I know how it feels to be young and sick all the time. It doesn't really follow with the cliche "young and healthy". I have had IBS-C/SIBO since I was 18 and I'm now 21. I wonder if digestive conditions/diseases will ever be on the same level socially as Cancer or AIDS. For some reason people with digestive problems don't have the same respect as someone who has Cancer or another disease with a strong stigma. I think some of it is because people tend to think a digestive condition is embarrassing and can't kill you. Obviously, it can indeed kill you, and the longsuffering along with it is terrible, as I have had days where I wish I were not alive.It's obvious that these conditions need more attention and more money for research and awareness. If I were you I would definitely try to get a colonoscopy done again,as this is the only way to rule out Crohn's. IBS is what they say you have when they can't find any conclusive reason for your symptoms. I would suggest seeing a naturopath or an acupuncturist specializing in traditional chinese medicine.I have just stopped seeing a traditional doctor and I like the way my naturopath thinks about health, as he thinks I can make a recovery.(He does acupuncture as well, and specializes in herbs.) It is worth the money if it helps your health! I hope you find an answer and start feeling better. Good luck and stay hopeful!


----------



## Kathleen M. (Nov 16, 1999)

IBS can make you have as much pain and feel as sick as an IBD. Sometimes IBS is more painful than the IBDs.Some people can have an IBD that is in remission almost all the time and unless you hit the doctors during a time it has flared up and your intestinal lining is ulcerated and bleeding you can test normal. But if you have lots of symptoms when your IBD is in complete remission to where no test sees it, then you still have IBS on top of the IBD.IBS commonly goes with fibromyalgia so that tends to point a bit more in the IBS direction.Autoimmune diseases do tend to "run in families" but it isn't a sure thing. If you get the "bad" genes in your family you are a bit more likely than other people to get an autoimmune disease, but it doesn't mean you can't get any other kind of illness and everything that happens would be autoimmune. And like I said you can have IBS and IBD at the same time.IBS by itself can make you miserable. It isn't some mild thing in everyone that should only barely bother you. It can be severe and very disruptive. Basically the control of the gut is messed up so nothing does what it is supposed to do when it is supposed to do it in the amount it is supposed to do it. That can lead to stool issues, urgency, cramps and other pains. Add fibromyalgia on top of that with the fatigue and muscle pains, and you can have a really hard time of it.


----------



## shelby_hamilton (Jun 21, 2012)

DEUCE CLICK said:


> I know how it feels to be young and sick all the time. It doesn't really follow with the cliche "young and healthy". I have had IBS-C/SIBO since I was 18 and I'm now 21. I wonder if digestive conditions/diseases will ever be on the same level socially as Cancer or AIDS. For some reason people with digestive problems don't have the same respect as someone who has Cancer or another disease with a strong stigma. I think some of it is because people tend to think a digestive condition is embarrassing and can't kill you. Obviously, it can indeed kill you, and the longsuffering along with it is terrible, as I have had days where I wish I were not alive.It's obvious that these conditions need more attention and more money for research and awareness. If I were you I would definitely try to get a colonoscopy done again,as this is the only way to rule out Crohn's. IBS is what they say you have when they can't find any conclusive reason for your symptoms. I would suggest seeing a naturopath or an acupuncturist specializing in traditional chinese medicine.I have just stopped seeing a traditional doctor and I like the way my naturopath thinks about health, as he thinks I can make a recovery.(He does acupuncture as well, and specializes in herbs.) It is worth the money if it helps your health! I hope you find an answer and start feeling better. Good luck and stay hopeful!

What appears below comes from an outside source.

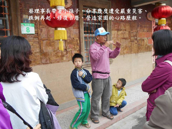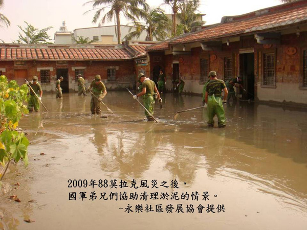 2009年88莫拉克風災,對南台灣造成重大創傷,位在林邊溪下游的永樂社區也都泡在水中。那次災害讓村民頓失所有,也把他們苦心修復、經營有成的福記古厝遭到泥沙掩埋,高度有一百多公分。當外界來到當地救災時,對地方的人事物都非常陌生,極度影響救災效能。這種慘痛的經歷,讓他們在災後用心學習政府部門推動的「社區自主防災」,蔡玉心理事長更因為身歷其境所累積的心得,成為很優質的講師。

Thank you for reading and I'm glad you understand how this is!! I've already gotten a lot of insight from others on thus forum and your input of accupunture and such is definitely something I will try to look into. The bowel diseases and illnesses don't get enough attention from the outside world, you're right. It just seems like they SHOULD because there are so many people going through these problems every single day. I appreciate your response and I'll definitely look into your ideas. Thank you!!


----------



## shelby_hamilton (Jun 21, 2012)

Kathleen M. said:


> IBS can make you have as much pain and feel as sick as an IBD. Sometimes IBS is more painful than the IBDs.Some people can have an IBD that is in remission almost all the time and unless you hit the doctors during a time it has flared up and your intestinal lining is ulcerated and bleeding you can test normal. But if you have lots of symptoms when your IBD is in complete remission to where no test sees it, then you still have IBS on top of the IBD.IBS commonly goes with fibromyalgia so that tends to point a bit more in the IBS direction.Autoimmune diseases do tend to "run in families" but it isn't a sure thing. If you get the "bad" genes in your family you are a bit more likely than other people to get an autoimmune disease, but it doesn't mean you can't get any other kind of illness and everything that happens would be autoimmune. And like I said you can have IBS and IBD at the same time.IBS by itself can make you miserable. It isn't some mild thing in everyone that should only barely bother you. It can be severe and very disruptive. Basically the control of the gut is messed up so nothing does what it is supposed to do when it is supposed to do it in the amount it is supposed to do it. That can lead to stool issues, urgency, cramps and other pains. Add fibromyalgia on top of that with the fatigue and muscle pains, and you can have a really hard time of it.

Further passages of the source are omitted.